> **What you have to do**
Please output the section of the listing below that opens with the line containing "吕继超为大家播放了视频《逆行" and closes with the line containing "Loffman/Emily Taylor |", exactly and with nothing else.

> **Task data**
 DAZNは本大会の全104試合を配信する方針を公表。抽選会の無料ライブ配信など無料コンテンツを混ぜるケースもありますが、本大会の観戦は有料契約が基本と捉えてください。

---

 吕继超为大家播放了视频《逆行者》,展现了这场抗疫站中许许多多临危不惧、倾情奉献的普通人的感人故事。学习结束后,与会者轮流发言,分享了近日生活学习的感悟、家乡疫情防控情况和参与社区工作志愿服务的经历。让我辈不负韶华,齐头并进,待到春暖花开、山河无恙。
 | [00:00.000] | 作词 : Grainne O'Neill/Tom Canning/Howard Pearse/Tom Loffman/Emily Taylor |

> **Task result**
 吕继超为大家播放了视频《逆行者》,展现了这场抗疫站中许许多多临危不惧、倾情奉献的普通人的感人故事。学习结束后,与会者轮流发言,分享了近日生活学习的感悟、家乡疫情防控情况和参与社区工作志愿服务的经历。让我辈不负韶华,齐头并进,待到春暖花开、山河无恙。
 | [00:00.000] | 作词 : Grainne O'Neill/Tom Canning/Howard Pearse/Tom Loffman/Emily Taylor |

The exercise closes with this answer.